▶ [Entries provided]

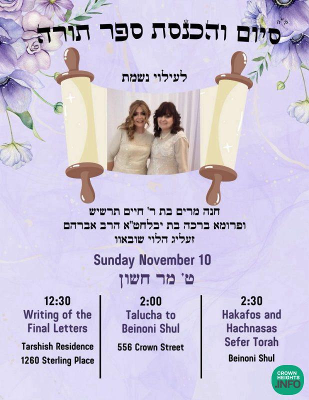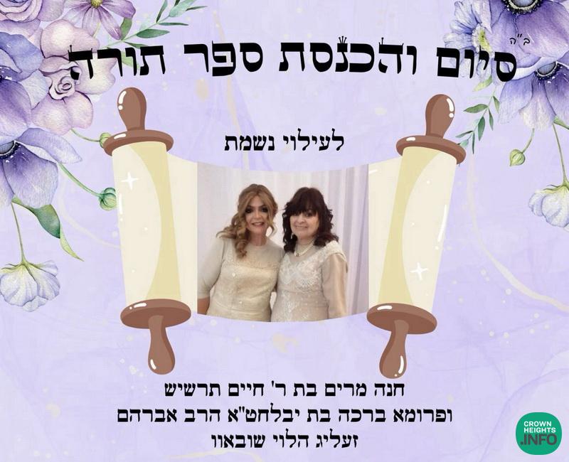 The Tarshish and Shubov families have invited the Crown Heights community to join them for a Siyum and Hachnasas Sefer Torah in memory of Chana Miriam Tarshish OBM and Fruma Bracha Shubov OBM.
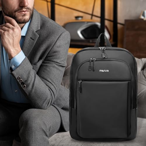 MOSISO - موسيسو شنطة ظهر للابتوب للرجال، شنطة ظهر رفيعة وخفيفة الوزن وصغيرة الحجم للكلية والعمل والمكتب والسفر، 15.6 انش، شنطة لابتوب كاجوال يومية مع حزام للامتعة، اسود
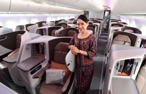 787-10ビジネスクラスを紹介するシンガポール航空の客室乗務員=PHOTO: Tadayuki YOSHIKAWA/Aviation Wire
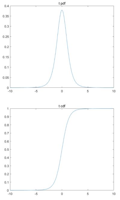 관련 MATLAB 함수: tpdf, tcdf, tinv, trnd
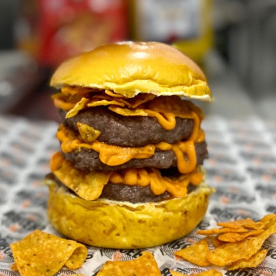 TRIPLO MEXICAN 🌶️🔥 Três burgers suculentos, muito molho cremoso e crocância mexicana que explode no sabor 🤤 É grande, é intenso, é pra quem não tem medo de comer bem!
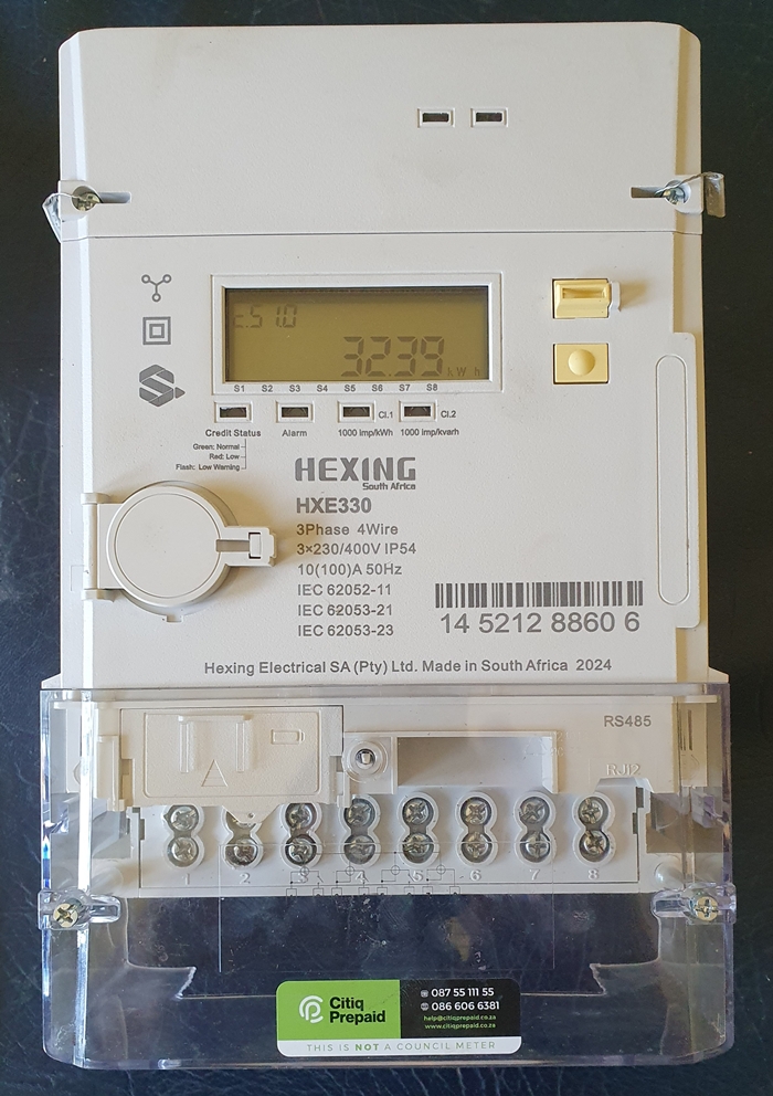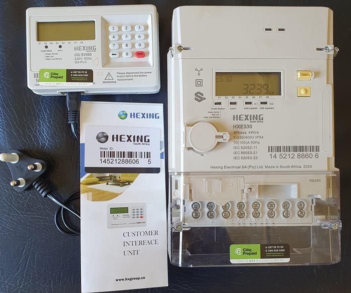Just 2 weeks old Hexing HXE330 Prepaid Sub-Meter for sale (original price R2600). Includes mobile Customer Interface Unit

▶ [Exercise aim]
Leaving every picture out, write out exactly the lines from the beginning of the listing above to the line with "Tadayuki YOSHIKAWA/Aviation Wire", inclusive.

▶ [Answer to this task]
 The Tarshish and Shubov families have invited the Crown Heights community to join them for a Siyum and Hachnasas Sefer Torah in memory of Chana Miriam Tarshish OBM and Fruma Bracha Shubov OBM.
 MOSISO - موسيسو شنطة ظهر للابتوب للرجال، شنطة ظهر رفيعة وخفيفة الوزن وصغيرة الحجم للكلية والعمل والمكتب والسفر، 15.6 انش، شنطة لابتوب كاجوال يومية مع حزام للامتعة، اسود
 787-10ビジネスクラスを紹介するシンガポール航空の客室乗務員=PHOTO: Tadayuki YOSHIKAWA/Aviation Wire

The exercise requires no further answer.